> _Work request_: Only the stretch below from the line holding "DANCE THRU FIRE/#06 $2.50 / RRP $5" through the line holding "Prince Leberecht von Blücher" should be restated, word for word and with both ends included; pictures stay out.

··· Source data ···

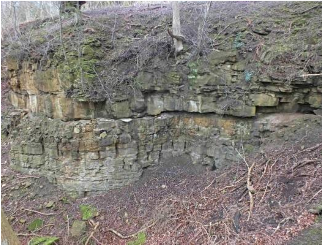
(Figure 4) Quarry below Crichton Kirk [NT 3803 6168]. This shows the upper part of the Upper Crichton Limestone with overlying cross bedded sandstone.
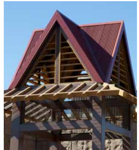
Denver Zoo, Denver, CO

●UL 790 - Standard Test Methods for Fire Tests of Roof Coverings.
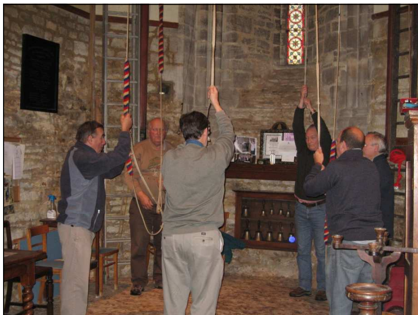
Ringers in action at Ringstead

Then it was on to Burton Latimer (8), where we enjoyed good ringing on these wonderful bells. Ringing
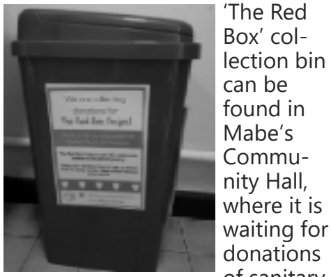
The Red Box can be found at the top of the steps in the Community Hall lobby

donations of sanitary towels and tampons. Once filled.
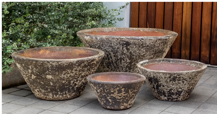
Shown in Aegean
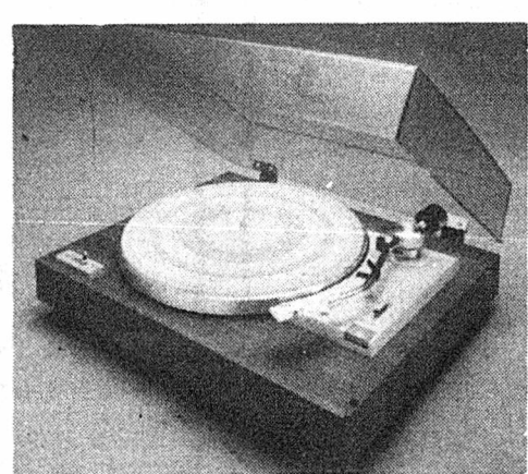
TY 211 SEMI-AUTO Turntable Belt Drive
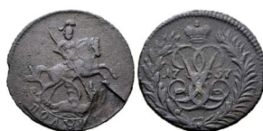
195. Russia, Empire. Elizabeth CU Polushka (1/4 Kopeck). Ekaterinburg mint, 1757. St. George on horseback to right, slaying dragon with spear; denomination on scroll below / Crowned monogram, date across fields; all within wreath. Bitkin 511. 2.47g, 19mm, 12h.

From the GK Collection (France) of Russian Coins.
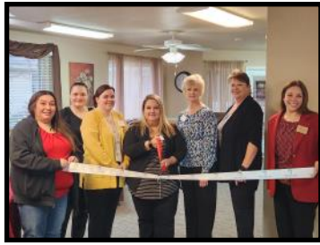
Avonlea Cottages Memory Care 2201 E. LeFevre, Sterling (815) 626-5686
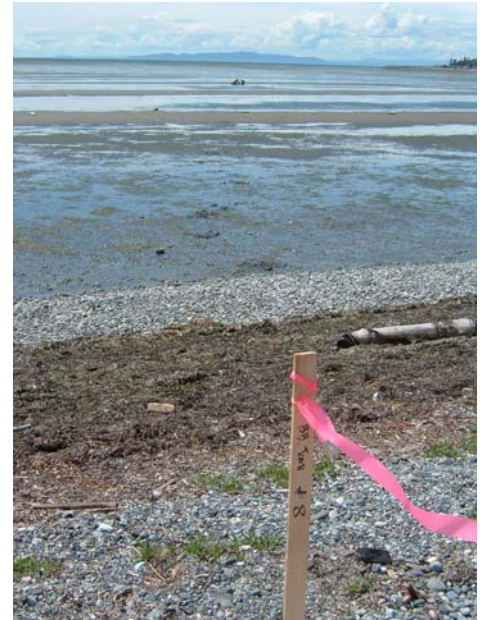
Birch Bay 2004 Clam Survey- Number of Clams by Transect and Type

The table and charts below provide a description of the types and numbers of clams that were found at each transect and overall.
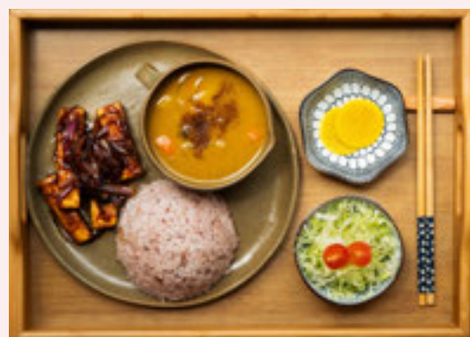
SERVED WITH TOFU, RICE, SALAD AND RADISH PICKLE 600
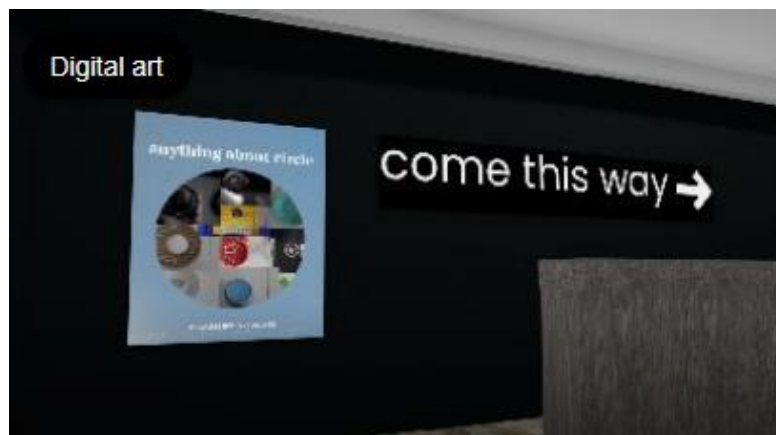
Figure 1. Virtual Exhibition on Circle Material
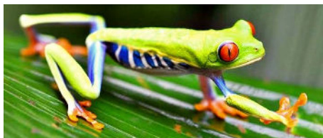
Red-Eyed Tree Frog - Central America
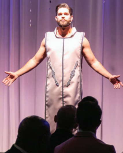
Opera Gala, March 2019
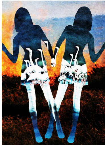
DANCE THRU FIRE/#06 $2.50 / RRP $5
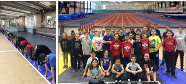
The 2018 track team hard at work!

And attention 6-8 th graders: what we always preach on this track team besides good grades and conduct is, "The best thing about Memories – is making them."
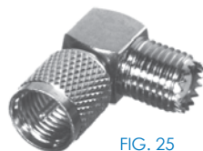
FIG. 25 RFU-630-6, -7, -8
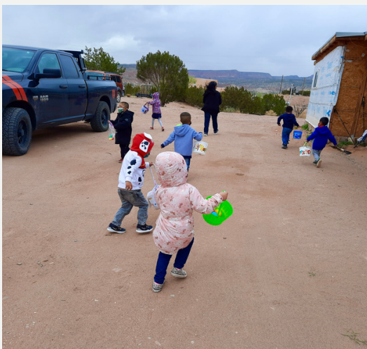
Corn Maiden class Easter egg hunt
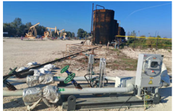
Equal Dryness Steam Distributor
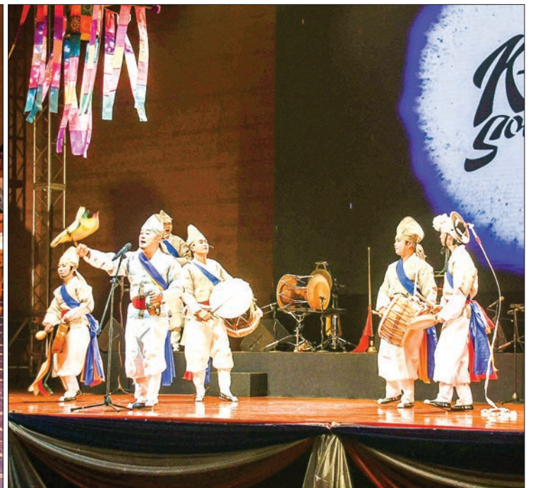
State Counsellor Daw Aung San Suu Kyi, Union ministers and their wives, and the Ambassador of the Republic of Korea and wife enjoy the Korean traditional performance titled "K-Wind Soul Beat" at the MICC-II in Nay Pyi Taw yesterday.

S TATE Counsellor Daw Aung San Suu Kyi attended a Korean traditional performance titled "K-Wind Soul Beat" at the MICC-II in Nay Pyi Taw yesterday.
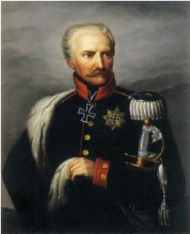
Prince Leberecht von Blücher

War and Forex Trading are quite similar in many ways. We, as retail traders are more like the Prince Blücher fighting Napoleon. We have less capital (a smaller, less capable army) and we don't have many allies to come to our help in case we guess the price direction wrong. However we can choose what battles to fight and how to fight them; that's our ONLY advantage and the one thing we can plan and do right as traders.
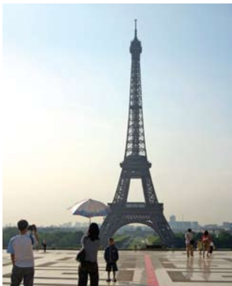
The Eiffel Tower, built in 1889 by Gustaf Eiffel

Bid farewell to this magical city with a final dinner of French cuisine .
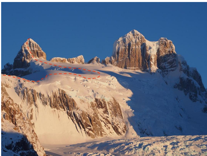
Approximate route of the first ascent of Punta Pantagruel. Cerro Gargantua is to the right.

···

> _Solution_:
DANCE THRU FIRE/#06 $2.50 / RRP $5
The 2018 track team hard at work!

And attention 6-8 th graders: what we always preach on this track team besides good grades and conduct is, "The best thing about Memories – is making them."
FIG. 25 RFU-630-6, -7, -8
Corn Maiden class Easter egg hunt
Equal Dryness Steam Distributor
State Counsellor Daw Aung San Suu Kyi, Union ministers and their wives, and the Ambassador of the Republic of Korea and wife enjoy the Korean traditional performance titled "K-Wind Soul Beat" at the MICC-II in Nay Pyi Taw yesterday.

S TATE Counsellor Daw Aung San Suu Kyi attended a Korean traditional performance titled "K-Wind Soul Beat" at the MICC-II in Nay Pyi Taw yesterday.
Prince Leberecht von Blücher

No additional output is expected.